Examples of extension of coverage based upon utilizing the different categories of ownership and CNB's participation in the TAGP:

Husband single account $250K per owner
Wife single account $250K per owner
Husband & wife joint $500K ($250K per co-owner)
Husband & Wife POD 3 children $1,500,000 ($250K per owner per beneficiary)
Husband & Wife POD 3 grandchildren, sister-in-law, friend, 2 charities $3,500,000 ($250K per owner per beneficiary)
Husband POD Wife $250K ($250K per beneficiary)
Wife POD Husband $250K ($250K per beneficiary)
Non-interest-bearing Transaction Accounts and Interest on Lawyers Trust Accounts* Unlimited coverage – only at participating FDIC insured banks and savings associations. CNB is a participant in this program.

* A "noninterest-bearing transaction account" is defined as a transaction (checking) account on which interest is neither accrued nor paid and on which the insured depository institution does not reserve the right to require advance notice of an intended withdrawal. This includes traditional demand deposit checking accounts that allow for an unlimited number of deposits and withdrawals at any time, Interest on Lawyers Trust Account, and low-interest negotiable order of withdrawal accounts (NOW accounts with interest rates no higher than 0.50 percent); however, it does not include NOW accounts at higher rates of interest or money market deposit accounts (MMDAs).

The unlimited insurance coverage on noninterest-bearing transaction deposit accounts is over and above the $250,000 in coverage provided to a customer already. For example, if a customer has $500,000 in a noninterest-bearing transaction deposit account and $250,000 in a certificate of deposit, the FDIC would fully insure the entire $750,000.

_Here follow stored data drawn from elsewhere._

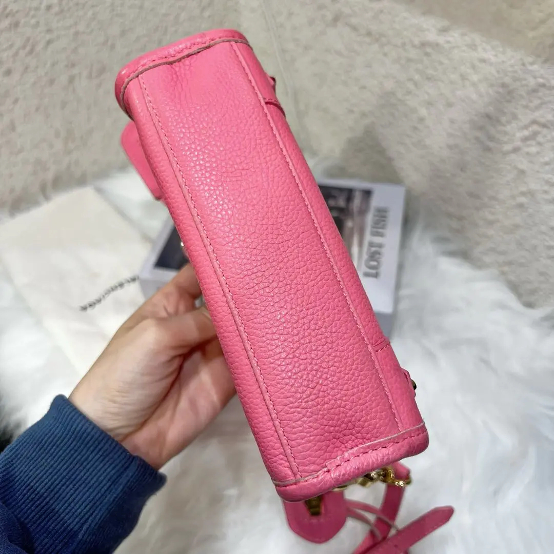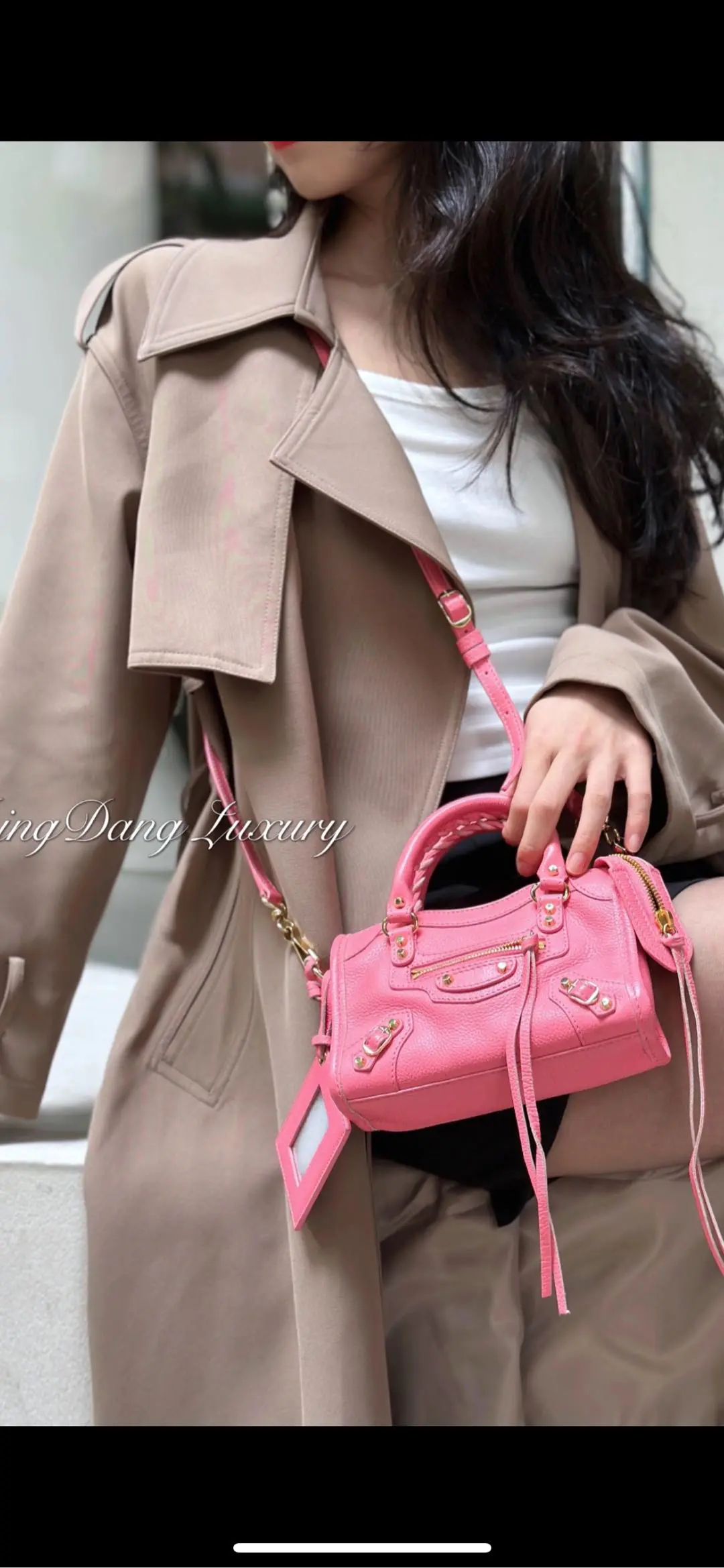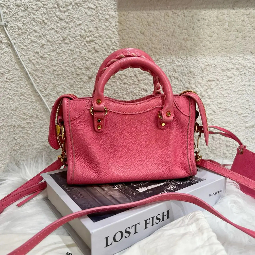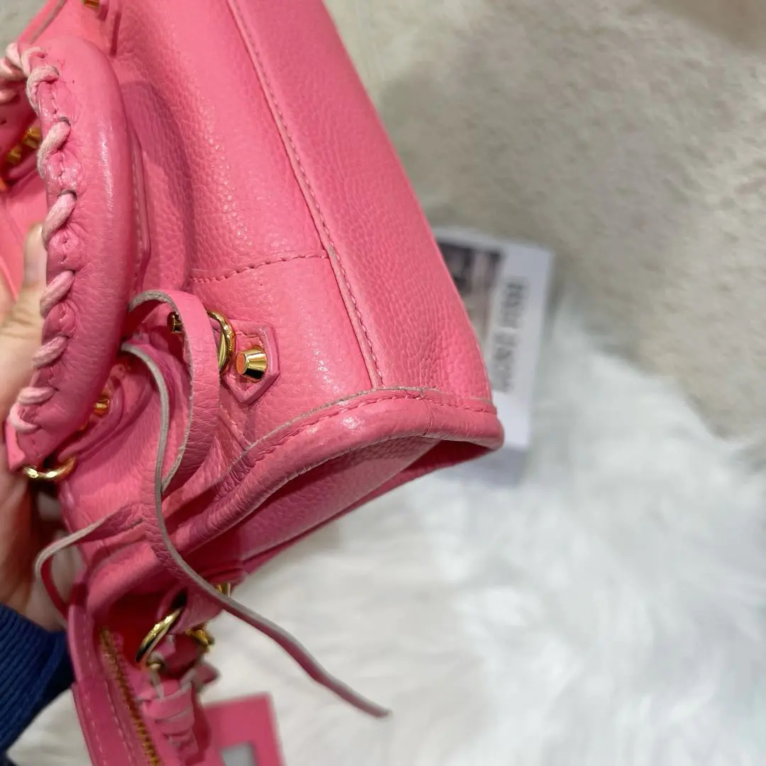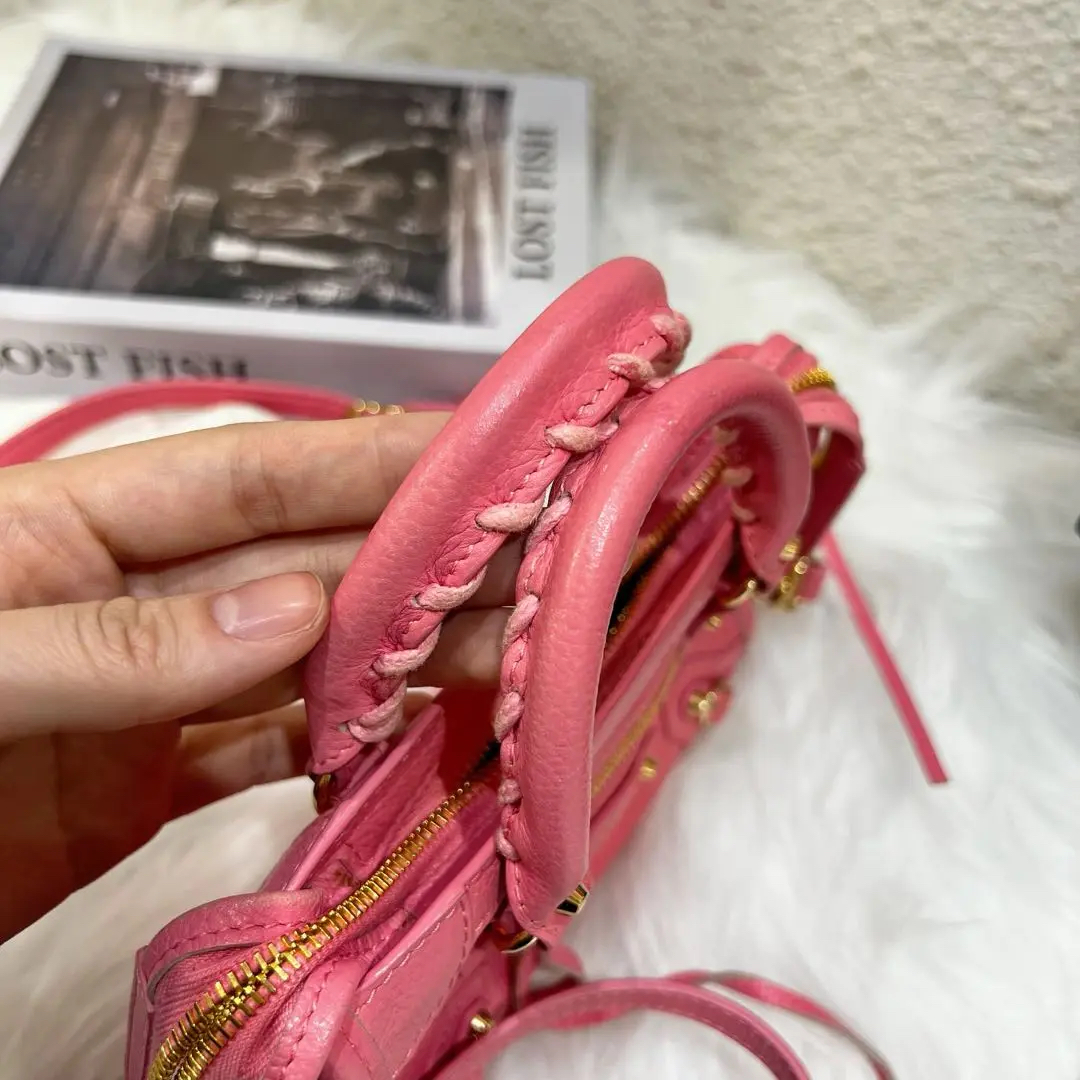 商品详情】正品二手 巴黎世家 Le City mini 粉色 羊皮 机车包🏍️ 97新 18*12 配件:镜子 肩带 防尘袋。金属铆钉 拉链开合 甜酷复古
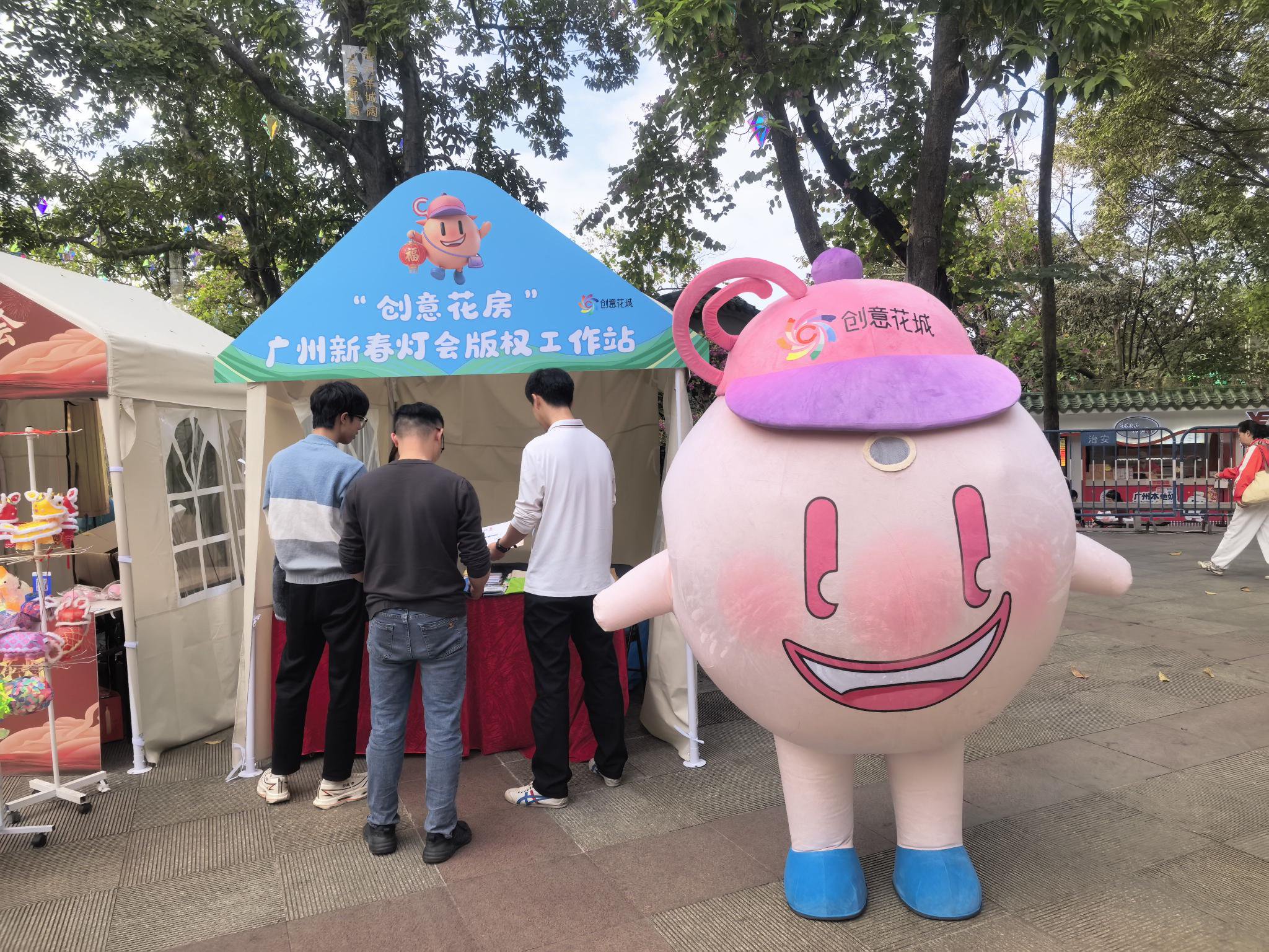 为推动版权服务直达市民身边,灯会现场设立了“创意花房”广州新春灯会版权工作站,以“版权+创意+互动”模式构建沉浸式服务场景,让版权保护触手可及。
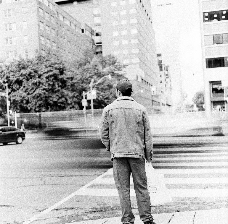 Image Description: Black and white photo. Person in a denim jacket, baseball cap carrying a plastic bag standing at a crosswalk, looking to the left. They are facing a large building with trees in front. There is a blur of movement captured in the photo of a vehicle that has passed quickly.
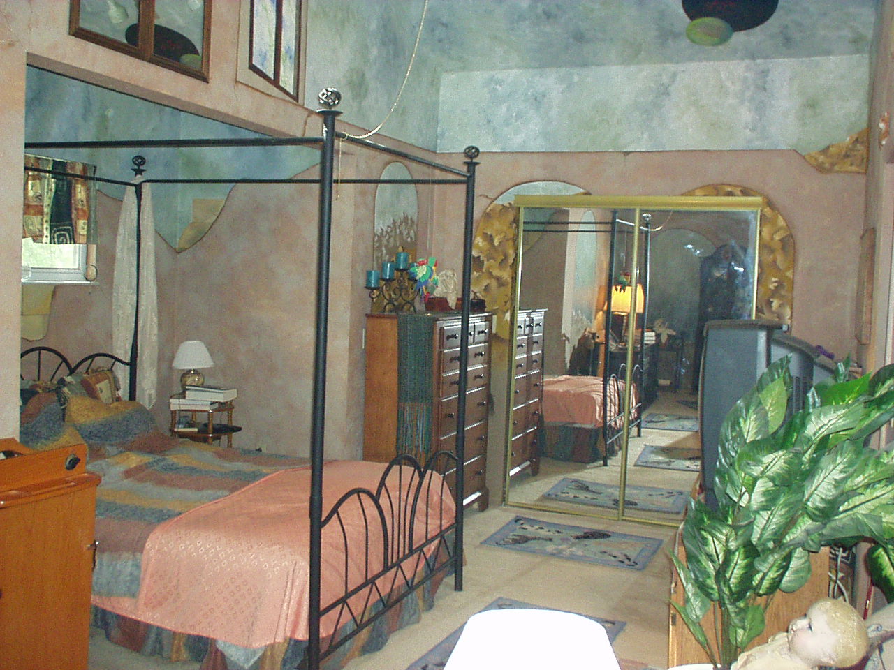 Here is the master bedroom from the south end of the room. A longer lens makes the room look shorter than it really is, but you can see a little more from the reflection in the mirror.

Note: additional coverage possible if more qualifying POD accounts are set up (i.e., utilizing different beneficiaries - siblings, parent, charities). Also, IRAs are additionally covered to $250K per individual. Beneficiaries do not affect IRA coverage.

CDARS®

CDARS® is the Certificate of Deposit Account Registry Service®. This allows CNB to open a "consolidated" CD for our customers for the purpose of extended FDIC insurance coverage: $250K remains at CNB, and we direct the rest of the monies to accounts at other participating institutions at $250K max each**. The customer will receive a monthly statement from CNB, outlining where the deposits are maintained—without ever having to visit or negotiate with the other banks. The interest rates quoted are based on CNB’s rates, specific to the CD term selected (3 months, 6 months, 12 months, 24 months, 36 month maturities). This product is an important option for very wealthy individuals who have uninsured monies even after the FDIC extended coverage because of titling changes or companies or non-for-profit organizations that have uninsured exposure, and may be mandated because of their fiduciary responsibilities, to have every dollar covered by the FDIC.

** As the increase in coverage is temporary, the maximum amount of the CD will correspond with the maturity date of the deposit as well as the extension in coverage.